Further analysis of colostrum will be required to establish the presence of any putative bioactive proteins/peptides, but our understanding of the evolution of lactation supports an explanation for this observation: the brief transient secretion of colostrum after birth is only seen in eutherians and is the most comparable form of human lactation to that of lactation in marsupials.
As evolution is correlated with increased gestation in humans (and all eutherian mammals), a provocative hypothesis is that if evolution continues in this direction, perhaps in 50 million years eutherians will no longer secrete colostrum and the majority of these critical signalling molecules will be presented preterm to the foetus by the placenta and amniotic fluid.

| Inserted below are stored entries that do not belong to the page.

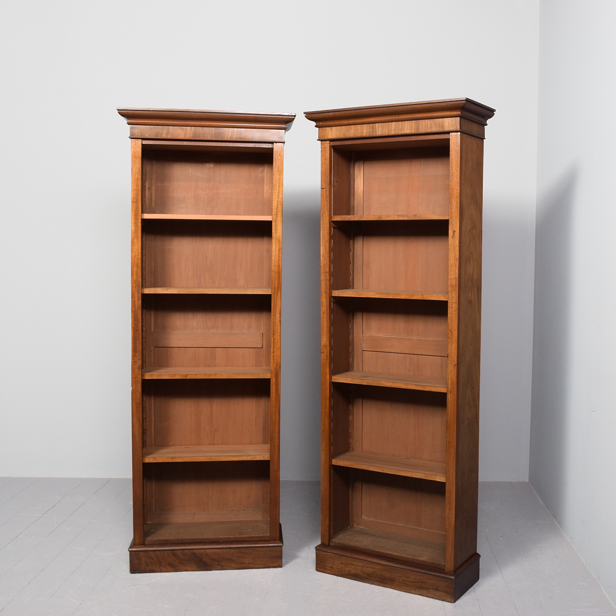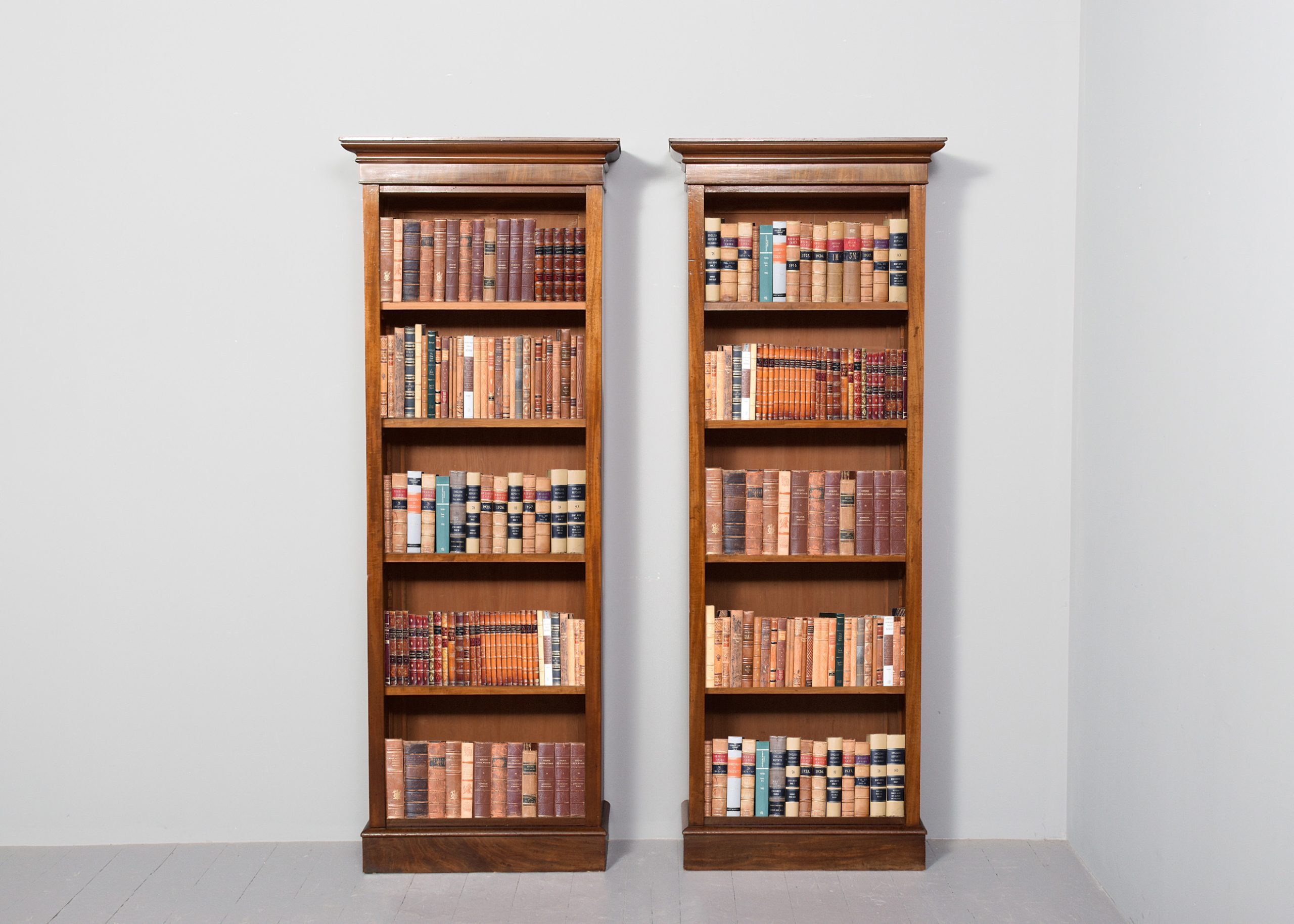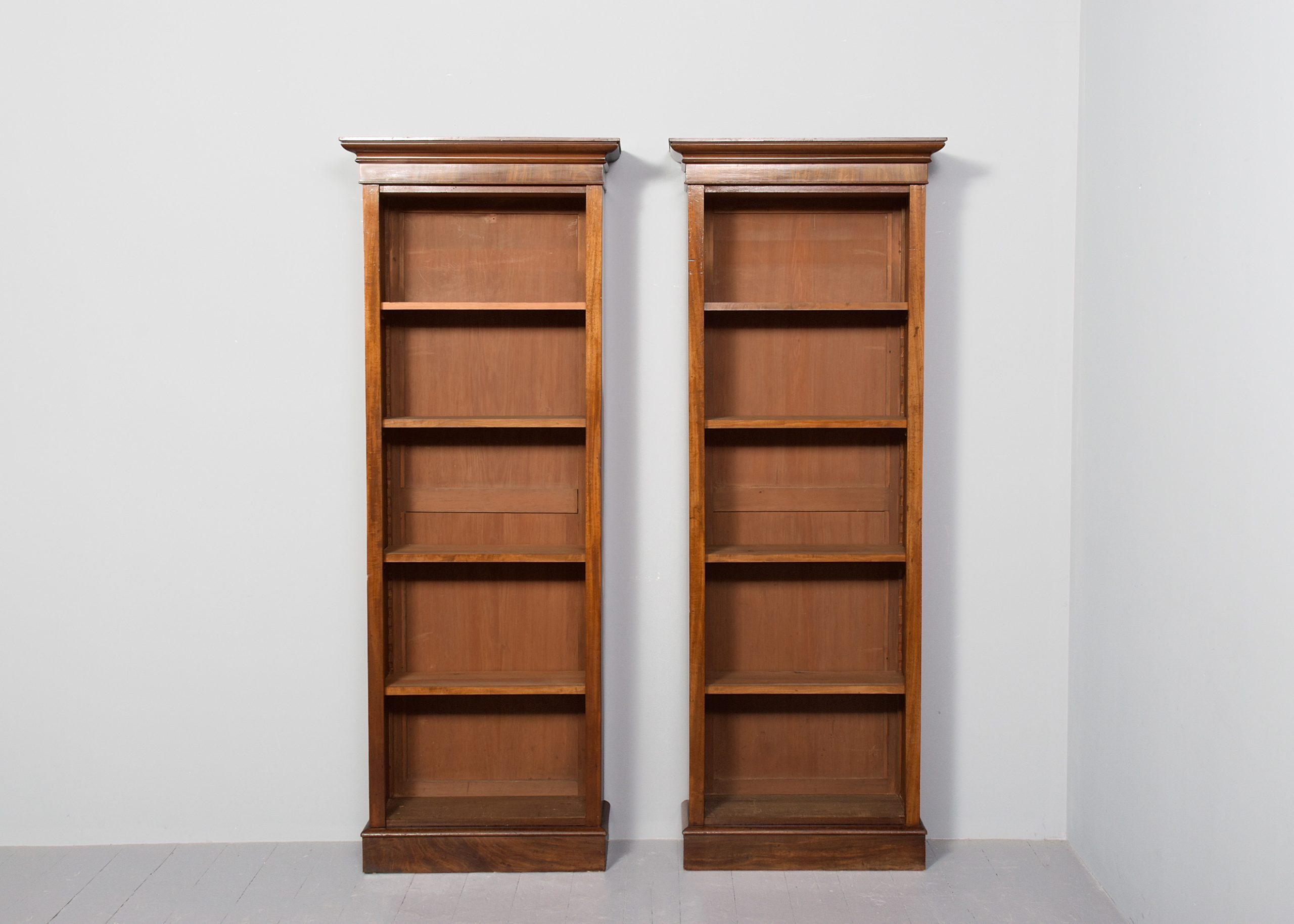 Circa 1870 (with alterations). Pair of Mid-Victorian tall mahogany open bookcases. Surmounted by classical moulded cornices and figured mahogany friezes, the open bookcases each with four adjustable shelves, flanked by simple mahogany pilasters and sitting on enclosed plinth bases. Nice mellow colour and in excellent condition. Attractive, simple design and functional – would suit a contemporary or traditional setting.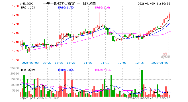 1月9日,截止午间收盘,一带一路ETF汇添富(515990)涨0.71%,报1.554元,成交额21.34万元。一带一路ETF汇添富(515990)重仓股方面,平高电气截止午盘涨0.95%,山东黄金涨5.15%,紫金矿业涨2.51%,中远海控跌0.07%,广东宏大涨1.79%,中国铝业涨2.56%,小商品城涨0.93%,中远海发涨0.40%,中海油服涨0.98%,云铝股份涨1.18%。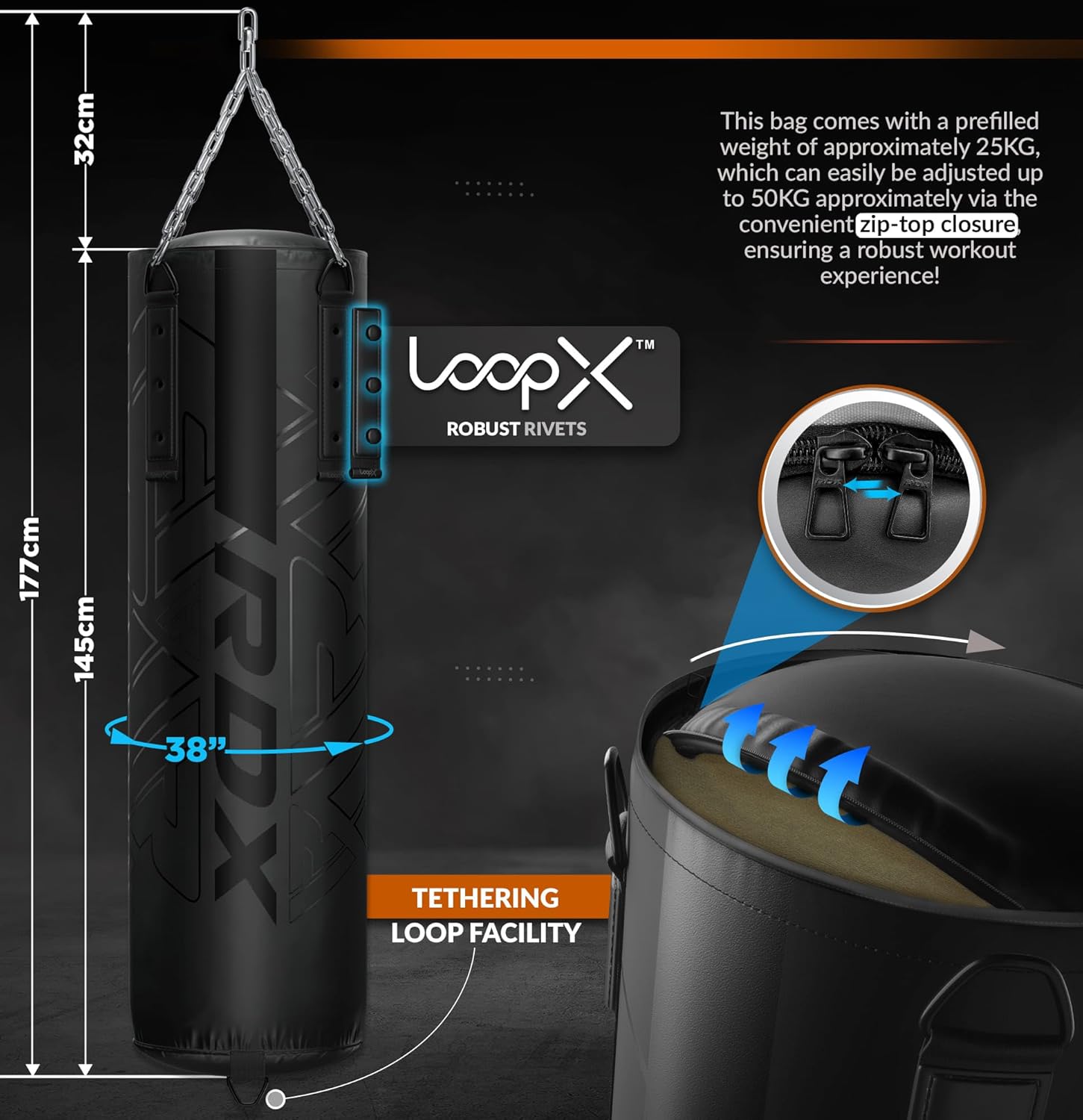 Provate un cambiamento di paradigma nel vostro allenamento con il nostro sacco, dotato dell'innovativa tecnologia quadrupla LoopX. Questa caratteristica impareggiabile integra rivetti di qualità superiore, anelli a D che garantiscono una straordinaria durata, una facile manovrabilità e un fissaggio stabile della catena in acciaio di alto calibro inclusa, creando un compagno di allenamento stabile e incrollabile che resiste ai colpi più potenti.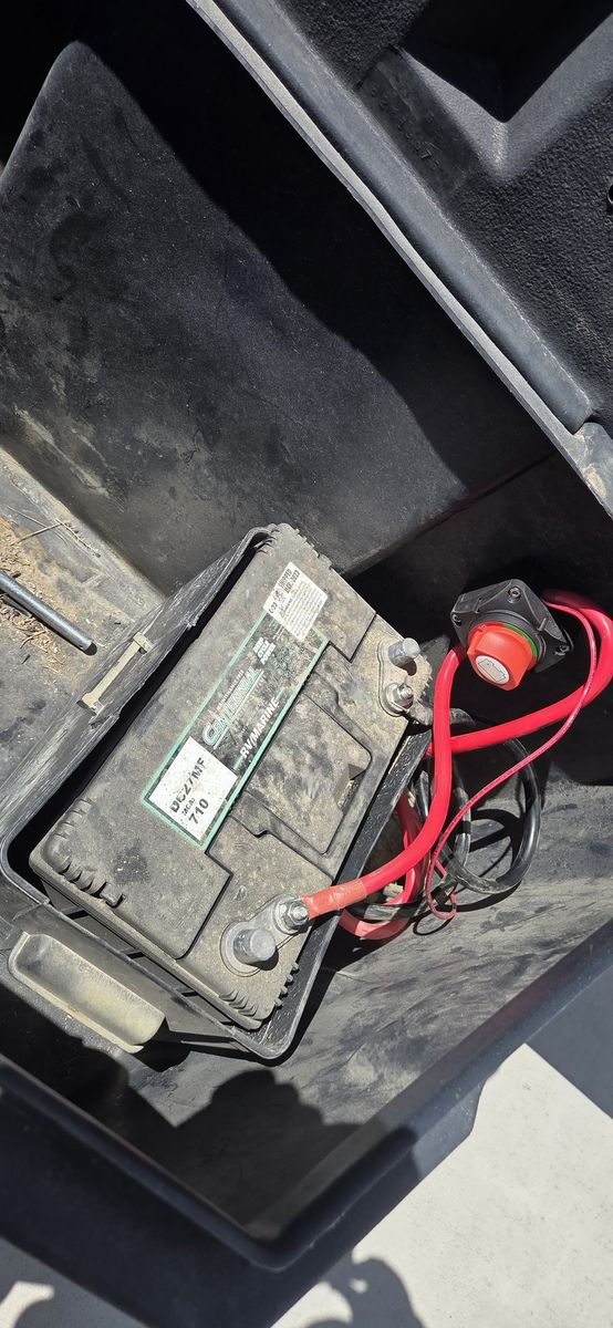 _Rated water-resistant for all-weather performance_ TOOLBOX with RV battery, battery box and battery shutoff switch inside, lockable.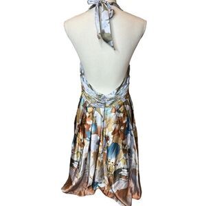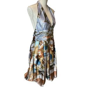 Adrianna Papell Occasions 100% Silk Blue Floral Halter Sequin Dress Y2K Sz 14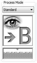 Cuando vayas a imprimir el diseño, usted tiene que asegurarse de dos cosas. Uno, asegúrese de que trama de semitonos se apaga o los dos colores se convertirán en un patrón blanco y negro por lo que no podía grabarlos individualmente. En segundo lugar, asegúrese de que el ajuste del modo de proceso de está configurado a estándar como se muestra en la imagen.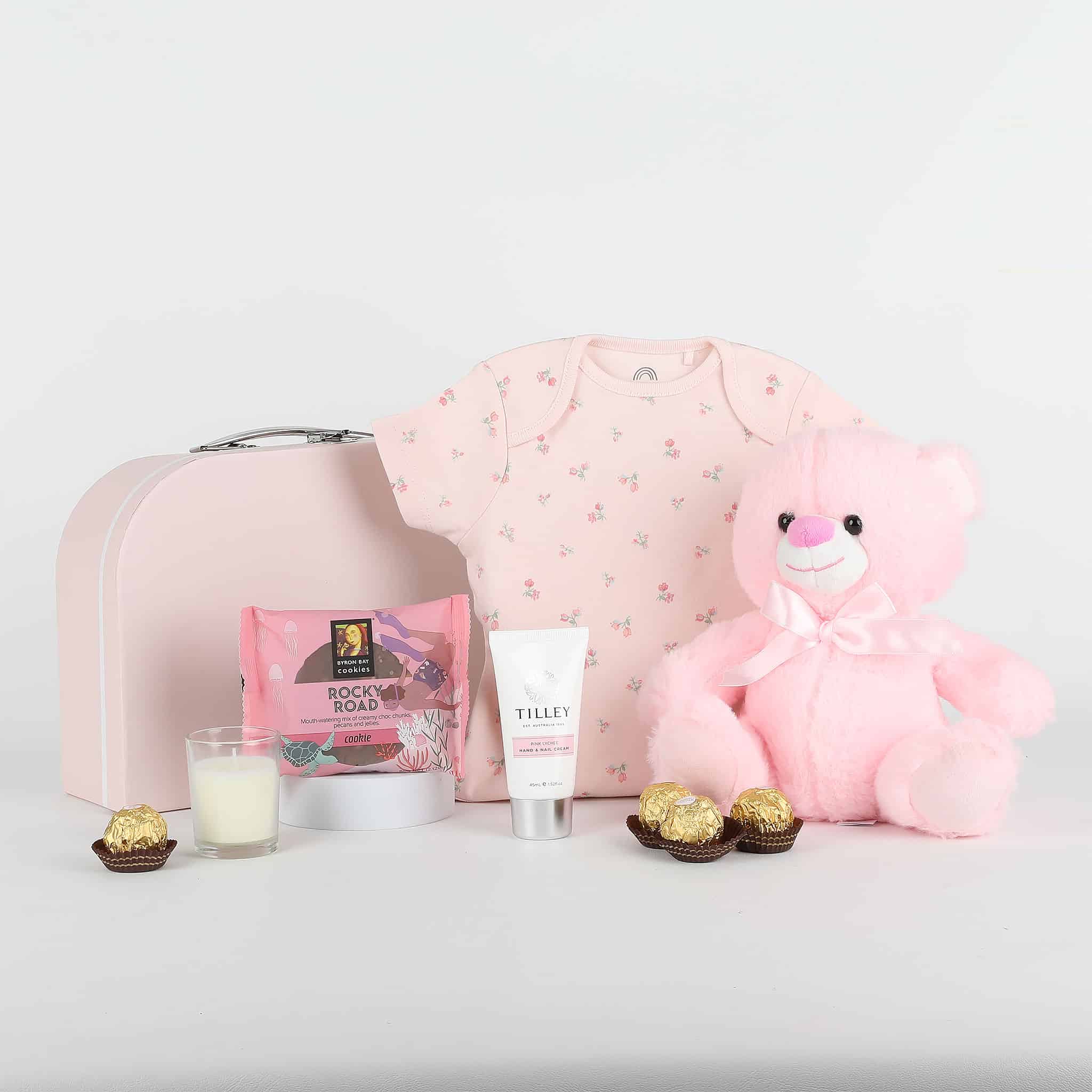 The perfect way to welcome home a new baby girl! The Newborn Baby Girl Gift in Suitcase contains a super soft teddy bear, organic cotton onesie, hand cream, scented candle and premium chocolate cookie. Beautifully presented in a luxury gift suitcase with ribbon, double bow and personalised card. (Full description below)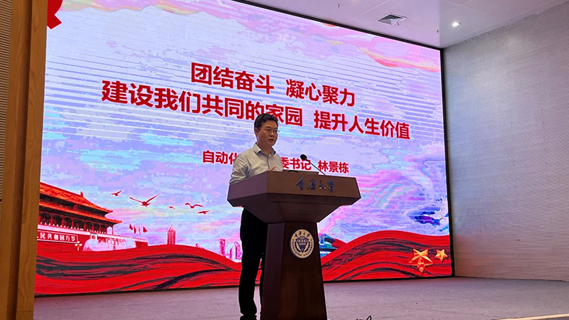 党委书记林景栋作了题为“团结奋斗 凝心聚力 建设我们共同的家园”的致辞。他向同学们介绍了学院的发展历程和学院涌现的数位自动化领域的知名学者,详细讲解了学院实施的有组织团队化本科人才育人机制,希望同学们通过对学院历史沿革和培养机制的学习,了解学院,走进学院,融入学院;在有组织团队化管理模式下,早进实验室、早进科研团队,提升学术能力,培养学术志趣,获得长足发展。他希望全体师生凝心聚力,共同推进学院高质量发展与高质量人才培养。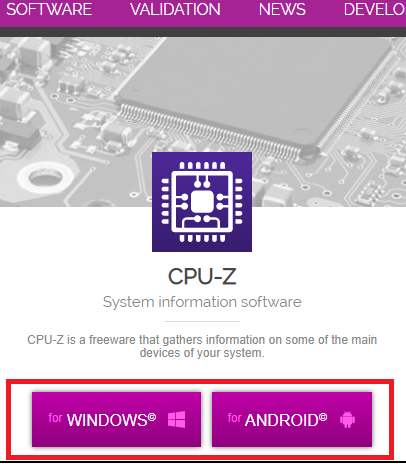 아무튼 아마 이글을 보시는 분들이라면 컴퓨터 사용을 체크해보고자 cpu-z 다운로드를 하고자 하시는 것이 아닐까 생각이 됩니다. 컴퓨터에서 사용을 하고자 하시는 분들이라면 두가지 메뉴 중에서 <windows> 버튼을 선택해주시면 되겠습니다.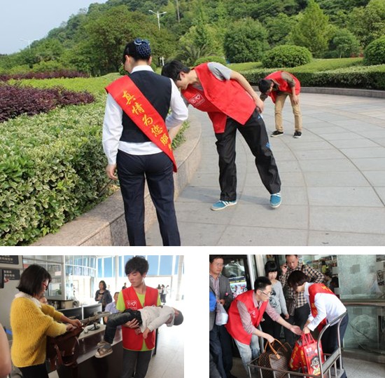 在西站候車大廳內(nèi)因為有這樣一群身穿“紅馬甲”的志愿者變得格外溫馨。他們有的穿梭于人潮中,指引旅客在哪個檢票口檢票;有的為旅客送開水;有的引導(dǎo)旅客安檢、幫忙旅客提行李;有的帶著鉗子、塑料袋清撿站前廣場上的白色垃圾、清鏟地面口香糖;有的在候車室勸導(dǎo)不文明行為,例如吸煙、隨地亂丟垃圾等。在西站工作人員和志愿者的辛勤付出,讓繁忙的車站客流、車流秩序井然.

This comparative approach, although preliminary at this stage, has enormous potential. It is clear the marsupial provides a unique opportunity to more easily identify the bioactives that potentially play a role in early development of the eutherian foetus.
The regulation of the lactation cycle in the tammar wallaby is complex and fascinating, and has challenged scientists for many decades – and it is the timed delivery of bioactives in the milk and its role in the development of the suckling young that are of paramount interest.
From a practical perspective, future comparative studies will focus on human colostrum to determine if any of the bioactives secreted could be used in therapeutic approaches to improve health outcomes in significantly preterm babies.
The next generation of fortifiers used in the NICU may benefit from delivering a combination of improved nutrition and human signalling bioactives that have been identified in marsupials and shown to direct improved function of tissues such as the gut, lung and brain.
Kevin Nicholas is an adjunct professor at the Monash Institute of Pharmaceutical Sciences and a Professorial Fellow in the School of Biosciences, University of Melbourne. His interests focus on exploiting an understanding of the evolution of lactation to better identify the function and delivery of milk bioactives.